• Assigned task:
From the first line to the last, print the material exactly, skipping the pictures.
(Available data Opens)
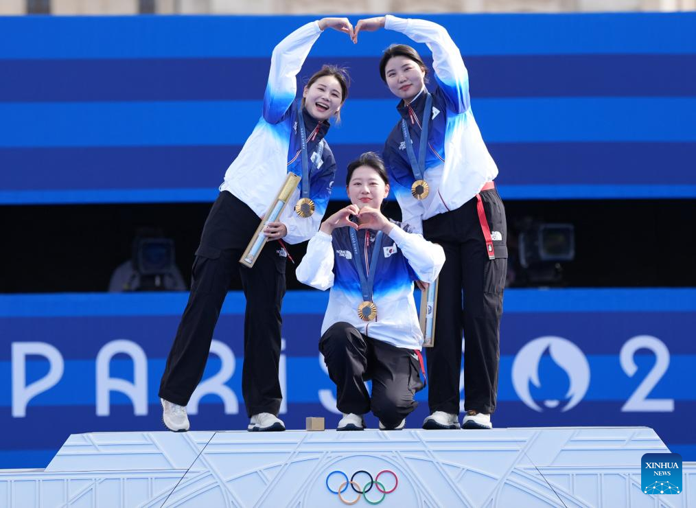Gold medalists Jeon Hunyoung, Lim Sihyeon and Nam Suhyeon (L to R) of team South Korea pose during the awarding ceremony for women's team of archery event at the Paris 2024 Olympic Games in Paris, France, on July 28, 2024. (Xinhua/He Canling)
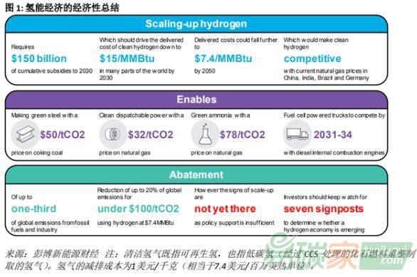 但根據(jù) BNEF 的研究,由于政策缺位,行業(yè)投資和擴(kuò)張得不到支撐,目前氫能經(jīng)濟(jì)的前景尚不明朗。單靠氫能產(chǎn)業(yè)規(guī)模的擴(kuò)張,也無(wú)法解決所有的
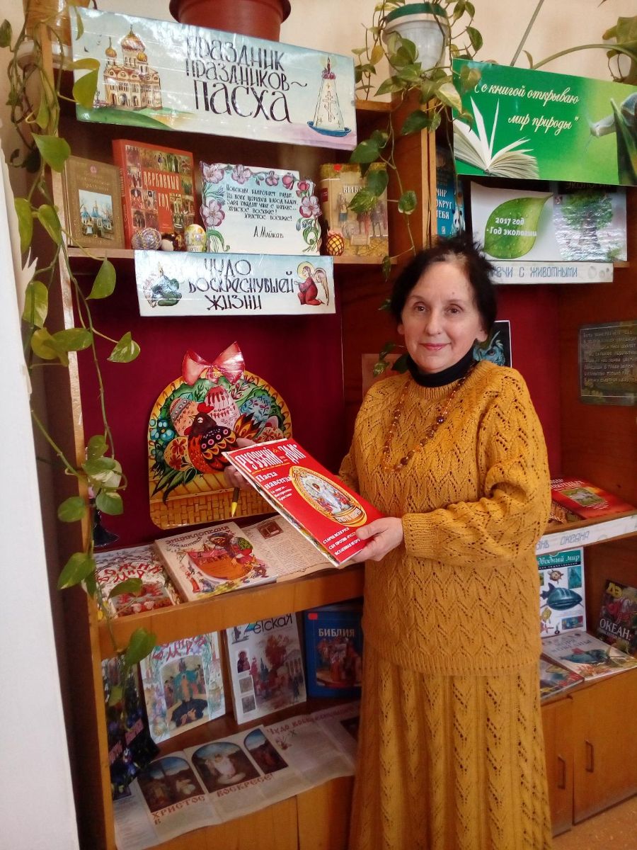Библиотекарь читального зала Асеева В. П. представила книги и журналы о Великой Пасхе.
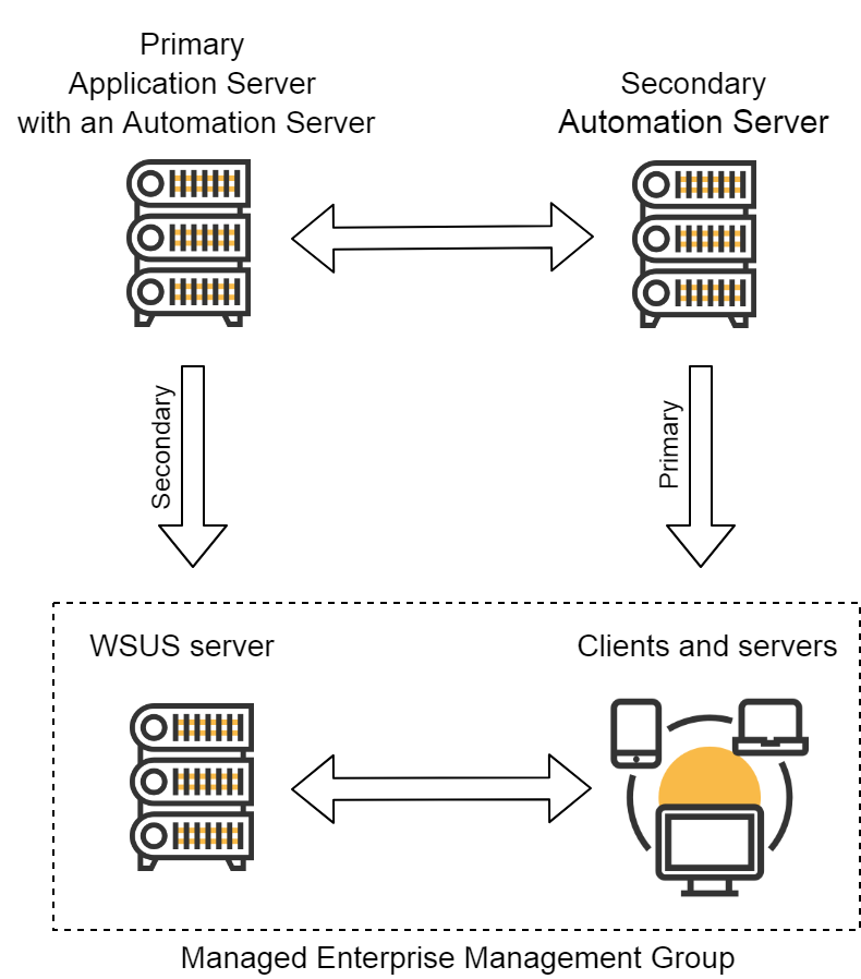 Additionally, you can install a separate Automation Server to offload task management from the PAS. Use the following configuration if the PAS cannot complete tasks quickly enough due to the number of managed clients in the local network. In this configuration, the Automation Server on the PAS provides a backup for the secondary Automation Server.
(Available data Closes)
• Solution:
Gold medalists Jeon Hunyoung, Lim Sihyeon and Nam Suhyeon (L to R) of team South Korea pose during the awarding ceremony for women's team of archery event at the Paris 2024 Olympic Games in Paris, France, on July 28, 2024. (Xinhua/He Canling)
 但根據(jù) BNEF 的研究,由于政策缺位,行業(yè)投資和擴(kuò)張得不到支撐,目前氫能經(jīng)濟(jì)的前景尚不明朗。單靠氫能產(chǎn)業(yè)規(guī)模的擴(kuò)張,也無(wú)法解決所有的
Библиотекарь читального зала Асеева В. П. представила книги и журналы о Великой Пасхе.
 Additionally, you can install a separate Automation Server to offload task management from the PAS. Use the following configuration if the PAS cannot complete tasks quickly enough due to the number of managed clients in the local network. In this configuration, the Automation Server on the PAS provides a backup for the secondary Automation Server.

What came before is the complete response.